What each accessor gives you:

  • getMessage() — the error text only ("TypeError: boom"), with a bare Error name elided to avoid a redundant prefix.
  • getFile() / getLine() — the original TS location, so the standard PHP idioms (getLine(), getTraceAsString(), (string) $e) read naturally.
  • getJsName() — the JS error constructor (TypeError, RangeError, a custom subclass name, …), or the originating PHP class for a re-surfaced host error.
  • getJsStack() — the stack remapped to TS coordinates and filtered to guest frames: the internal bridge/bootstrap frames are removed, so it reads like a plain TS trace.

How the remapping works

The module is named guest.ts when handed to QuickJS, so stack frames reference it. On a throw, error.rs reads the JS stack (generated-JS coordinates), and for each frame referencing the guest module it looks the position up in the module's source map (kept host-side from transpilation) and rewrites it to the original TS line:col. Frames that don't reference the guest module — the __rt/facade plumbing — are dropped.

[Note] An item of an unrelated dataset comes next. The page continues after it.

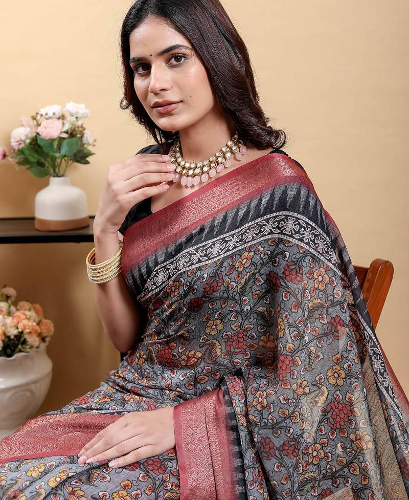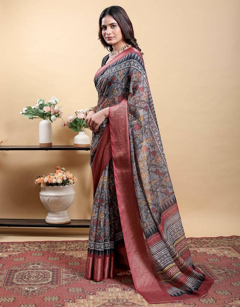 | Product Name | Grey Printed Art Silk Designer Pallu Saree | |

Non-Error throws are surfaced, not lost

$js->eval("throw { code: 42 };");   // message: {"code":42}
$js->eval("throw [1, 2, 3];");      // message: [1,2,3]
$js->eval("throw 'nope';");         // message: nope

A thrown object/array/number is JSON.stringify-ed into the message rather than collapsing to a generic "uncaught" string.

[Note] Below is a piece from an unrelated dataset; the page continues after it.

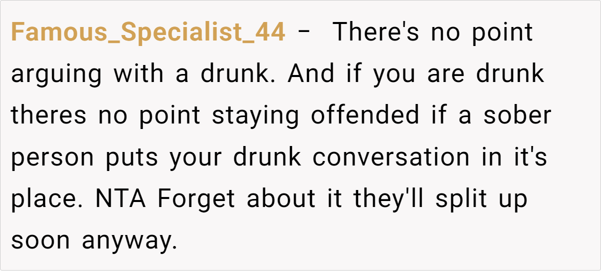 These are popular opinions on Reddit, but do they reflect reality? While some might argue that OP overreacted or could have handled the situation more diplomatically, it’s important to remember that protecting one’s partner and setting boundaries within family relationships is crucial for maintaining a healthy and respectful dynamic. The brother-in-law’s drunken behavior and his insensitive comments warranted a firm response, even if it led to temporary conflict.

Syntax / transpile errors are located

A guest that doesn't parse surfaces as a QuickJSEvalException with getJsName() === 'SyntaxError' and getLine() pointing at the offending TS line (computed from the oxc diagnostic's span).

Resource limits

An infinite loop or over-budget script raises QuickJSTimeoutException; an allocation bomb raises QuickJSMemoryException. These fire from the interrupt handler / allocator and so carry no meaningful source location. The engine recovers and remains usable afterward.

PHP exception → JS

When a PHP capability (or callback) throws, the bridge turns it into a JS Error the guest can catch and inspect via e.phpClass:

$js->register('risky', fn() => throw new \RuntimeException('db down'));

$js->eval(<<<'JS'
    try {
        php.risky();
    } catch (e) {
        // e.message  === "db down"
        // e.phpClass === "RuntimeException"
        // e.name     === "RuntimeException"
    }
JS);

The PHP message is read via getMessage() (it's a protected property, so the extension reads it through the proper accessor, not the raw object), and the class name is attached as both name and phpClass.

Round trips stay clean

If a PHP exception travels PHP → JS → PHP (for example, thrown inside a JS callback that PHP invoked, and not caught in JS), it re-surfaces with its original class and a clean message — not a nested Exception: Exception: … wrapper. The Js\Callback layer recognizes a re-surfaced host error (it carries phpClass) and restores that PHP class via ClassEntry::try_find, so:

$js->register('relay', fn(callable $fn) => $fn());
try {
    $js->eval('php.relay(() => { throw new RangeError("x"); });');
} catch (QuickJSEvalException $e) {
    // a JS RangeError that crossed into PHP and back surfaces as a
    // QuickJSEvalException with jsName "RangeError" — not a doubled wrapper.
}

Implementation note: writing protected exception properties

message, file, and line are protected on \Exception. ext-php-rs's safe set_property passes a null scope, which can only create an (invisible) dynamic property that getMessage() never reads. So exceptions.rs builds the exception object, then sets those slots via Zend's zend_update_property with the \Exception class as the scope — the canonical way internal code populates them — before throwing the object. The JS name and stack live on the Rust-backed QuickJSEvalException struct and are read by getJsName() / getJsStack().